◆ Task brief
The data below should be restated word for word, pictures omitted.

◆ Given information
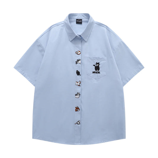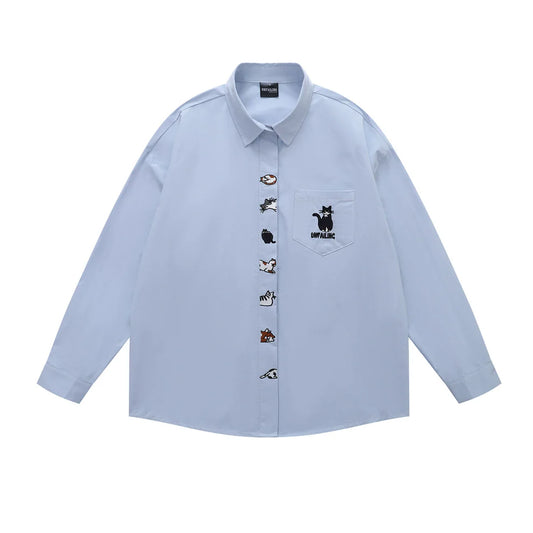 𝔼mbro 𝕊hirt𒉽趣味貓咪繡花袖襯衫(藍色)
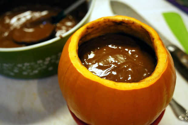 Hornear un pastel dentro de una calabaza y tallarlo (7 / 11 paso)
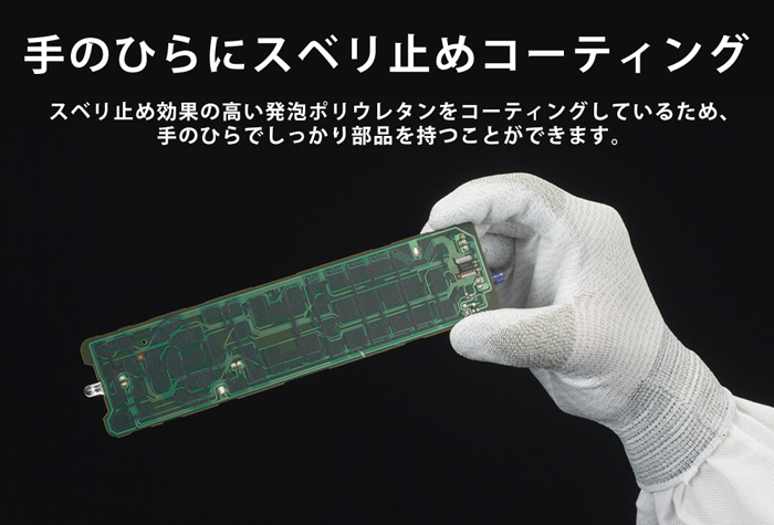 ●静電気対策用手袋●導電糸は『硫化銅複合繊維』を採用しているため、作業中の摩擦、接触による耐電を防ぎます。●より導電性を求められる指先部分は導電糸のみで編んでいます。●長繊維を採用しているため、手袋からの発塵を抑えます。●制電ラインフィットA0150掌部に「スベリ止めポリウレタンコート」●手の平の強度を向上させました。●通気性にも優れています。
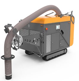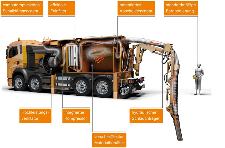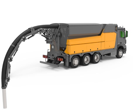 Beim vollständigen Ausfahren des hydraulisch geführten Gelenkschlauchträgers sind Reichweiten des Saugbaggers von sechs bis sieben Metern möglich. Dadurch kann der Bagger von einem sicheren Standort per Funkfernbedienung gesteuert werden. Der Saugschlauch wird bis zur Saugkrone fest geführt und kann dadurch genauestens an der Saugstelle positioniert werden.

◆ Response box
 𝔼mbro 𝕊hirt𒉽趣味貓咪繡花袖襯衫(藍色)
 Hornear un pastel dentro de una calabaza y tallarlo (7 / 11 paso)
 ●静電気対策用手袋●導電糸は『硫化銅複合繊維』を採用しているため、作業中の摩擦、接触による耐電を防ぎます。●より導電性を求められる指先部分は導電糸のみで編んでいます。●長繊維を採用しているため、手袋からの発塵を抑えます。●制電ラインフィットA0150掌部に「スベリ止めポリウレタンコート」●手の平の強度を向上させました。●通気性にも優れています。
 Beim vollständigen Ausfahren des hydraulisch geführten Gelenkschlauchträgers sind Reichweiten des Saugbaggers von sechs bis sieben Metern möglich. Dadurch kann der Bagger von einem sicheren Standort per Funkfernbedienung gesteuert werden. Der Saugschlauch wird bis zur Saugkrone fest geführt und kann dadurch genauestens an der Saugstelle positioniert werden.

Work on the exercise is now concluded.